**TASK OBJECTIVE:** The reply should contain all the data below, repeated exactly, and none of the images.

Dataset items

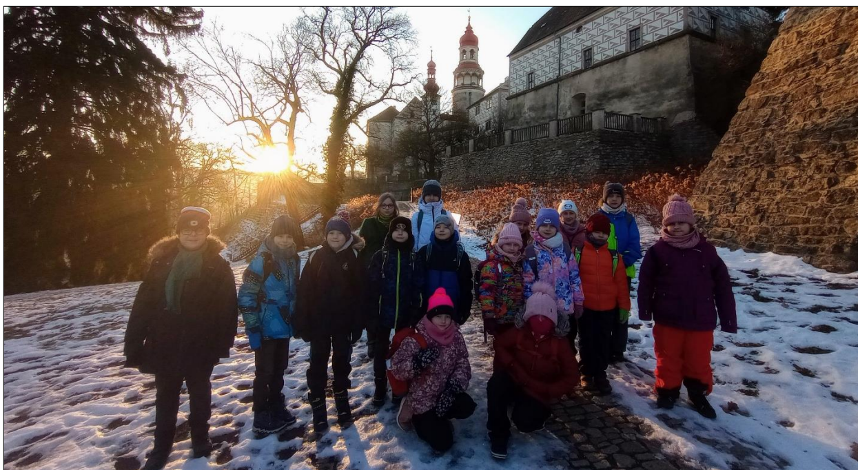
...výtvarníky v náhodské Galerii...
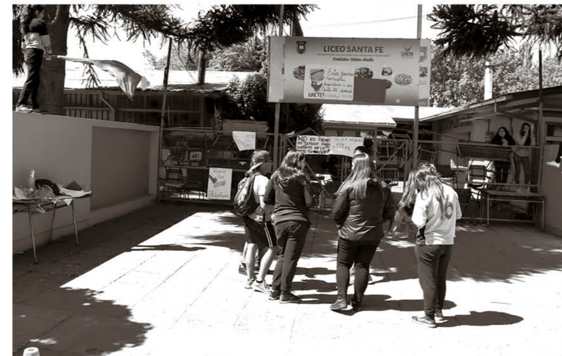
EN SANTA FE se acata la toma del liceo.
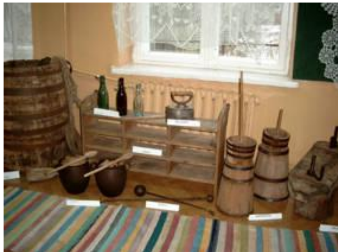
Ekspozycje zebrane przez młodzież ze szkoły w Wojnowicach

Kolejna część projektu przewidywała rozwój nowej funkcji kulturalno-edukacyjnej Biblioteki, którą zrealizowano poprzez zakup oprogramowania do zautomatyzowania wielu procesów bibliotecznych takich jak: gromadzenie zbiorów, katalogowanie różnorodnych materiałów bibliotecznych, wyszukiwanie i zestawianie informacji o posiadanych zbiorach ich ewidencja i udostępnianie. Będzie to jedna z nielicznych placówek, w powiecie radomszczańskim, wyposażona w tak innowacyjne rozwiązanie. Wprowadzenie nowej formy udostępniania zbiorów przyczyni się do sprawnej obsługi czytelników, a w przyszłości pozwoli na współpracę on-line z bibliotekami pracującymi w takich systemach.
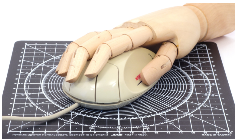
Рис. 4: Colani Mouse в комплекте с моделью руки человека
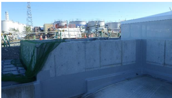
(写真2) 設置工事中の堰内雨水の排水設備
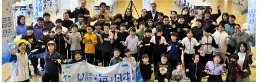
風間浦村・風間浦小学校 2023/11/16
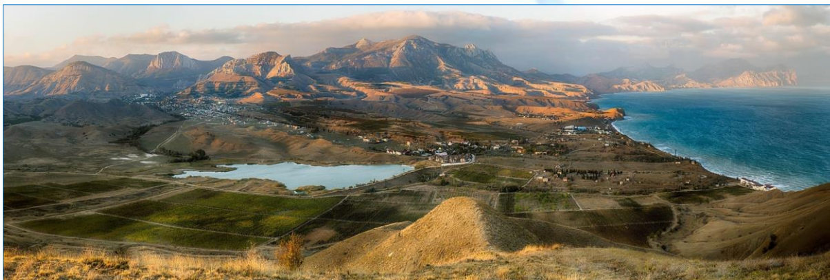
Терруар Солнечной долины в Крыму.

пределах Крыма, но в район, обладающий иным микроклиматом, резко обесценивает высокие свойства винограда, позволяющие создать истинные шедевры винного творчества.
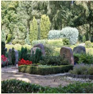
Wahlgrab Urne 560.- € Sarg 600.- €
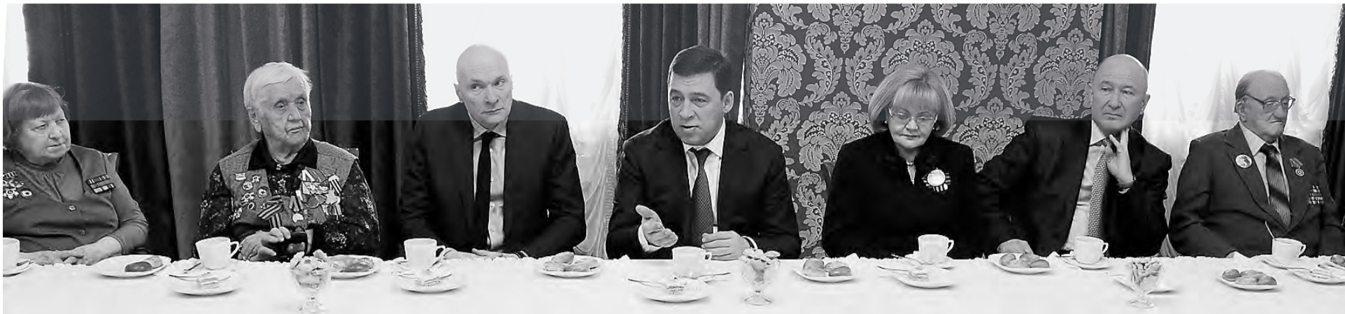
«Формирование Уральского добровольческого танкового корпуса – яркий пример массового трудового героизма. В год 70-летия Победы в Великой Отечественной войне празднование 72-й годовщины создания корпуса имеет особое значение», – подчеркнул Евгений Куйвашев на встрече с ветеранами войны и тружениками тыла, приуроченной ко Дню народного подвига по формированию УДТК. Эта дата в соответствии с Указом губернатора отмечается ежегодно 11 марта.
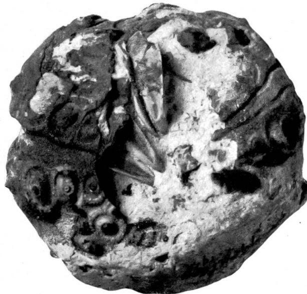
Rhabdocidaris nobilis, Münster mit Gebiss, 7/8. Steinbruch Mellikon, oberster Horizont. Sammlung Leuthardt.
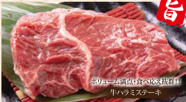
ボリューム満点・食べ応え抜群!! 牛ハラミステーキ
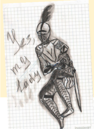
Рисунок Екатерины Федотовой, 6Б
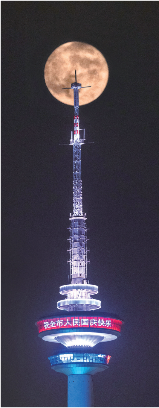
▲塔顶合月 中秋夜,一轮圆月升起,与南通电视塔合影(二次曝光)。孔玮
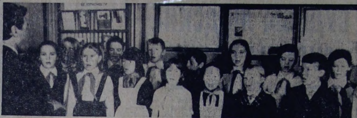
Учащиеся Маянгской школы частые гости на молочно-варной ферме. Они выступают перед животноводами с песнями и стихами, доставляя им радость.
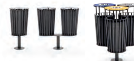
Cestini / Small litter bins pag. 108
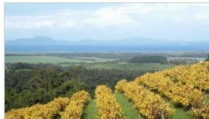
Gippsland Wine Trail

**SOLUTION:**
...výtvarníky v náhodské Galerii...
EN SANTA FE se acata la toma del liceo.
Ekspozycje zebrane przez młodzież ze szkoły w Wojnowicach

Kolejna część projektu przewidywała rozwój nowej funkcji kulturalno-edukacyjnej Biblioteki, którą zrealizowano poprzez zakup oprogramowania do zautomatyzowania wielu procesów bibliotecznych takich jak: gromadzenie zbiorów, katalogowanie różnorodnych materiałów bibliotecznych, wyszukiwanie i zestawianie informacji o posiadanych zbiorach ich ewidencja i udostępnianie. Będzie to jedna z nielicznych placówek, w powiecie radomszczańskim, wyposażona w tak innowacyjne rozwiązanie. Wprowadzenie nowej formy udostępniania zbiorów przyczyni się do sprawnej obsługi czytelników, a w przyszłości pozwoli na współpracę on-line z bibliotekami pracującymi w takich systemach.
Рис. 4: Colani Mouse в комплекте с моделью руки человека
(写真2) 設置工事中の堰内雨水の排水設備
風間浦村・風間浦小学校 2023/11/16
Терруар Солнечной долины в Крыму.

пределах Крыма, но в район, обладающий иным микроклиматом, резко обесценивает высокие свойства винограда, позволяющие создать истинные шедевры винного творчества.
Wahlgrab Urne 560.- € Sarg 600.- €
«Формирование Уральского добровольческого танкового корпуса – яркий пример массового трудового героизма. В год 70-летия Победы в Великой Отечественной войне празднование 72-й годовщины создания корпуса имеет особое значение», – подчеркнул Евгений Куйвашев на встрече с ветеранами войны и тружениками тыла, приуроченной ко Дню народного подвига по формированию УДТК. Эта дата в соответствии с Указом губернатора отмечается ежегодно 11 марта.
Rhabdocidaris nobilis, Münster mit Gebiss, 7/8. Steinbruch Mellikon, oberster Horizont. Sammlung Leuthardt.
ボリューム満点・食べ応え抜群!! 牛ハラミステーキ
Рисунок Екатерины Федотовой, 6Б
▲塔顶合月 中秋夜,一轮圆月升起,与南通电视塔合影(二次曝光)。孔玮
Учащиеся Маянгской школы частые гости на молочно-варной ферме. Они выступают перед животноводами с песнями и стихами, доставляя им радость.
Cestini / Small litter bins pag. 108
Gippsland Wine Trail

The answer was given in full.